**BRIEF**: Without the pictures, copy all the entries below exactly.

Stored records:
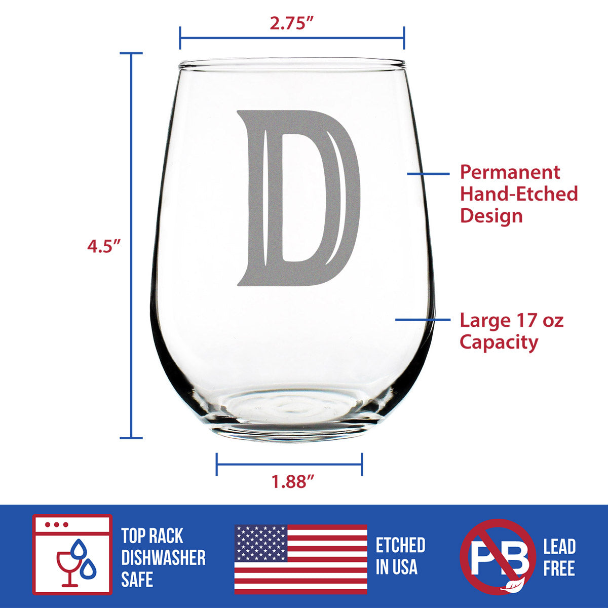 Monogram Bold Letter D - Stemless Wine Glass - Personalized Gifts for Women and Men - Large Engraved Glasses
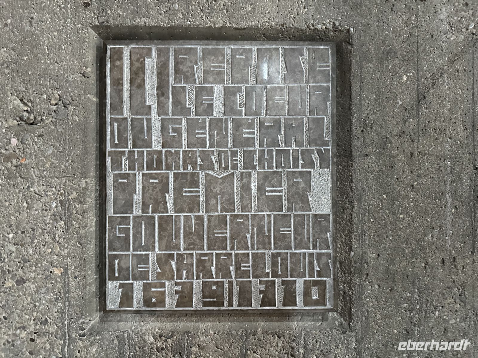 Eine besondere Geschichte rankt sich um eine Tafel, die an der rechten Seite des Chorraums angebracht ist. Hier steht: ICI REPOSE LE COER. DU GENERAL. THOMAS DE Choisy. PREMIER. GOUVERNEUR. DE SARRELOUIS. 1679 | 1710. Auf Deutsch: HIER RUHT DAS HERZ. DES GENERALS. THOMAS DE CHOISY. ERSTER. GOUVERNEUR. VON SAARLOUIS. 1679 | 1710. Hier hat ein Herz seine letzte Ruhestätte gefunden. Es gehört Thomas de Choisy, Marquis de Moigneville, der im Jahr 1710 verstarb. Die Urne, die Choisys Herz birgt, ist aus Blei gefertigt und befindet sich hinter der Gedenktafel. Diese Gedenktafel, die Jahrhunderte nach Choisys Tod angebracht wurde, ist mehr als nur eine einfache Erinnerung. Ihre Errichtung im Jahr 1970 ist ein deutliches Zeichen für die bewusste und andauernde öffentliche Anerkennung von Thomas de Choisys grundlegender Rolle und seiner symbolischen Verbindung zu Saarlouis.
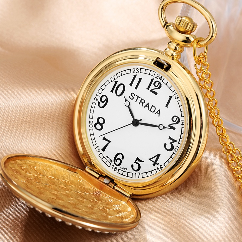 Luxury Rhinestones Bee Decorated Arabic Numerals Dial Quartz Pocket Watch Gifts
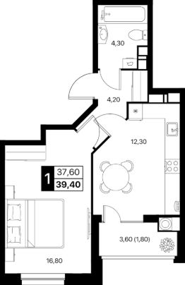 Общая площадь39,4 м²
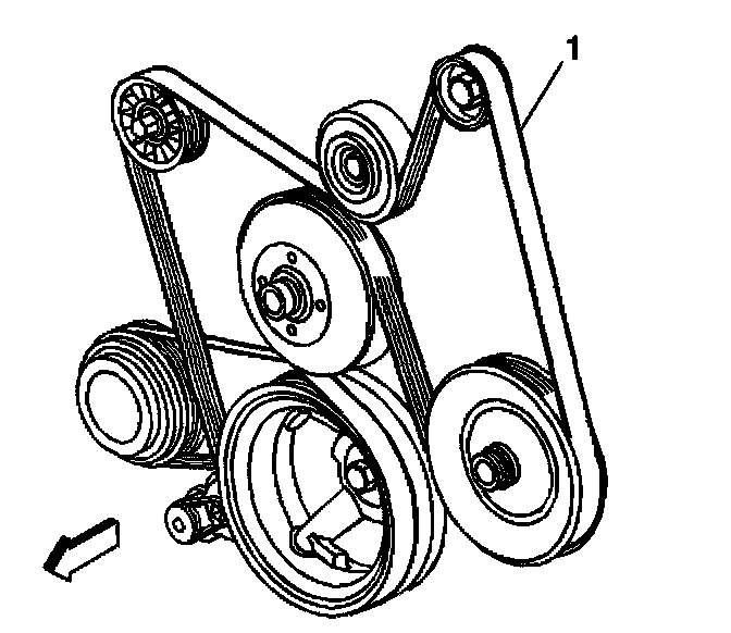 6. Remove the belt (1) from the pulleys and the drive belt tensioner.

**EXPECTED ANSWER**:
 Monogram Bold Letter D - Stemless Wine Glass - Personalized Gifts for Women and Men - Large Engraved Glasses
 Eine besondere Geschichte rankt sich um eine Tafel, die an der rechten Seite des Chorraums angebracht ist. Hier steht: ICI REPOSE LE COER. DU GENERAL. THOMAS DE Choisy. PREMIER. GOUVERNEUR. DE SARRELOUIS. 1679 | 1710. Auf Deutsch: HIER RUHT DAS HERZ. DES GENERALS. THOMAS DE CHOISY. ERSTER. GOUVERNEUR. VON SAARLOUIS. 1679 | 1710. Hier hat ein Herz seine letzte Ruhestätte gefunden. Es gehört Thomas de Choisy, Marquis de Moigneville, der im Jahr 1710 verstarb. Die Urne, die Choisys Herz birgt, ist aus Blei gefertigt und befindet sich hinter der Gedenktafel. Diese Gedenktafel, die Jahrhunderte nach Choisys Tod angebracht wurde, ist mehr als nur eine einfache Erinnerung. Ihre Errichtung im Jahr 1970 ist ein deutliches Zeichen für die bewusste und andauernde öffentliche Anerkennung von Thomas de Choisys grundlegender Rolle und seiner symbolischen Verbindung zu Saarlouis.
 Luxury Rhinestones Bee Decorated Arabic Numerals Dial Quartz Pocket Watch Gifts
 Общая площадь39,4 м²
 6. Remove the belt (1) from the pulleys and the drive belt tensioner.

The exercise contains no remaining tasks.